Salah satu implikasi terbesar dari kelangkaan air global dan lokal adalah jaminan kesinambungan ketahanan pangan (food security). Sebagian besar dari sekitar 800 juta penduduk dunia yang masih mengalami kekurangan pangan dan kelaparan hidup di wilayah-wilayah yang mengalami kekurangan air yang laten.

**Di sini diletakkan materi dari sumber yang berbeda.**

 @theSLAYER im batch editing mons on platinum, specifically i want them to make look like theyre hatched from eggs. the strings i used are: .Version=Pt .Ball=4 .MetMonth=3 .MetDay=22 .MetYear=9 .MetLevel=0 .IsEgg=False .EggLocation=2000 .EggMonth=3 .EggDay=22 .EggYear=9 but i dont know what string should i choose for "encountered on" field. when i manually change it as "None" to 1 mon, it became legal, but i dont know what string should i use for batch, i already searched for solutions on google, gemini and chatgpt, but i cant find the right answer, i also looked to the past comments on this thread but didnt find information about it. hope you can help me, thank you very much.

Dari sekitar 3.600 kilometer kubik air yang dikonsumsi manusia per tahun (ekivalen dengan 580 meter kubik per kapita per tahun), sekitar 69 persen di antaranya dipergunakan untuk sektor pertanian, bahkan di Asia mencapai rata-rata sekitar 83 persen, sedangkan sisanya sebesar 21 persen untuk industri, dan 10 persen untuk sektor perkotaan. Ancaman kelangkaan air untuk kehidupan manusia ini menjadi lebih kita pahami bila menyadari bahwa untuk memproduksi satu kilogram beras diperlukan sekitar satu sampai tiga ton air (FAO, 2002) . Di Indonesia, pada tahun 2020 kebutuhan air untuk keperluan irigasi masih mencapai 74,1 persen dari total kebutuhan sedangkan lainnya digunakan untuk keperluan domestik, perkotaan, dan industri (domestic,municipal and industries - DMI) sebanyak 11,34 persen, pemeliharaan sungai 7 11,53 persen, dan sisanya untuk keperluan tambak dan peternakan (Kimpraswil, 2003).

Kekurangan air pada suatu kawasan juga akan memicu terjadinya konflik di kawasan tersebut, baik konflik antar wilayah, antar sektor, maupun konflik antar petani dan pengguna air lainnya. Dalam skala tertentu, konflik penggunaan air secara horizontal sudah terjadi di Indonesia terutama antara daerah hulu dan hilir.